A proposito di Natale, leggete quest’altro estratto del libro Fantozzi: “A casa
la signora Pina gli preparò una minestra calda. Lui si sedette a tavola con uno
sguardo da pazzo e diede la prima cucchiaiata. La moglie lo guardò e gli disse:
“Buon Natale, amore!”. In quel momento l’albero si abbatté sulla tavola con
violenza, centrò Fantozzi in piena nuca e lui tuffò la faccia nella minestra
rovente. Si provocò ustioni di quarto grado. Non gli uscì un lamento: più tardi,
nel buio della stanza da letto, pare che abbia pianto in silenzio con grande
dignità”.
Quella dignità che perdiamo quando siamo preda della sindrome da consumo; ossia,
quasi sempre.
Villaggio fa cenno al boom consumistico in un’intervista rilasciata alla
Televisione Svizzera nel 1975: “Il piccolo Fantozzi, l’omino che per anni è
vissuto nel boom consumistico, ha ricevuto dai mass-media, cioè dalla
televisione, dai settimanali e da tutte le informazioni possibili, uno stimolo
preciso, quasi un ordine a consumare, ad acquistare, a vivere secondo
determinati schemi, e lo schema di questa filosofia era precisissimo: attento!,
che se compri e ti attrezzi in determinati modi, cioè secondo la chiave
consumistica, potrai essere felice, vivrai in un mondo che sarà felice e
contento per mille anni. Improvvisamente, invece, un crack strano; insomma,
tutto questo sistema meraviglioso, pieno di promesse, questo mondo fiabesco si è
incrinato: è bastato che nel Medio Oriente una forte tensione internazionale
chiudesse i rubinetti del petrolio perché tutta la grande economia mondiale
entrasse in crisi”.
Villaggio fa riferimento al periodo a cavallo tra il 1973 e il 1974 quando, in
seguito alla crisi petrolifera, diversi governi del mondo occidentale, tra cui
l’Italia, emanarono disposizioni per contenere drasticamente i consumi
energetici: ricordo, per esempio, che ci si metteva d’accordo tra parenti per
uscire insieme nei giorni festivi, con l’auto che poteva circolare senza
prendere la multa – una domenica toccava alle macchine con targhe che
terminavano col numero pari, quella dopo era il turno delle dispari.

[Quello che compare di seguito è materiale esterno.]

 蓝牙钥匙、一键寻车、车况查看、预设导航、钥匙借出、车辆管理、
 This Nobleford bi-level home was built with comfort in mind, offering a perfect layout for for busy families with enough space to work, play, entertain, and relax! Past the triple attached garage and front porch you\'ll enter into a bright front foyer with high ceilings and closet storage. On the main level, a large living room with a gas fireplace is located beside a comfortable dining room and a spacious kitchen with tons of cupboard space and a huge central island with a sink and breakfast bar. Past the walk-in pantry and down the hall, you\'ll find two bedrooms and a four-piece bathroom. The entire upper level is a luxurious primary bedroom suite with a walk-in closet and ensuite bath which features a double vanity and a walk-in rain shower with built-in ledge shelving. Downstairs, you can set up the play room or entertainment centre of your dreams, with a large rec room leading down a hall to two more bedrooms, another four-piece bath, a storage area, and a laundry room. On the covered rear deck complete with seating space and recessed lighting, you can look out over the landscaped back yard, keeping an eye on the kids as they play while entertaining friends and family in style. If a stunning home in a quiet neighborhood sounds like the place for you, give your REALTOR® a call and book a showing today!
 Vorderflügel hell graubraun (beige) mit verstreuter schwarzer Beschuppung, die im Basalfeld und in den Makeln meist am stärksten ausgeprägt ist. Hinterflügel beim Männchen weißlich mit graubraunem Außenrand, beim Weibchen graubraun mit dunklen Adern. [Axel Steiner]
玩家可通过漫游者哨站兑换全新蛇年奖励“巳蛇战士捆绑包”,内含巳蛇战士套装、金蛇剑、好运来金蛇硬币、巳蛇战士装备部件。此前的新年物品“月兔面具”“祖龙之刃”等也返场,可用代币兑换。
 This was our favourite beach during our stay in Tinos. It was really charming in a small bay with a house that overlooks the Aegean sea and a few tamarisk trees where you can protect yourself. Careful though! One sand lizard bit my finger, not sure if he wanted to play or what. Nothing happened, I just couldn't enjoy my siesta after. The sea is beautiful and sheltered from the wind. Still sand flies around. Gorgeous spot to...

Oggi come oggi pare che il consumare, l’acquistare, il vivere secondo
determinati schemi, siano azioni che non si riescano a fermare, neppure a
rallentare.
E se pensate che anche andare a vedere la versione di Fantozzi rimessa a nuovo
faccia parte di questo circolo vizioso, quello del consumare e del vivere
secondo determinati schemi, vi rispondo che andrò ugualmente a vederlo
lasciandovi alla vostra erre moscia e a quella cagata pazzesca de La corazzata
Potëmkin.
E mentre mi si azzera la salivazione per l’emozione dovuta a questa mia
intransigente presa di posizione, già sento iniziare lo scroscio dei novantadue
minuti di applausi che mi renderanno immortale.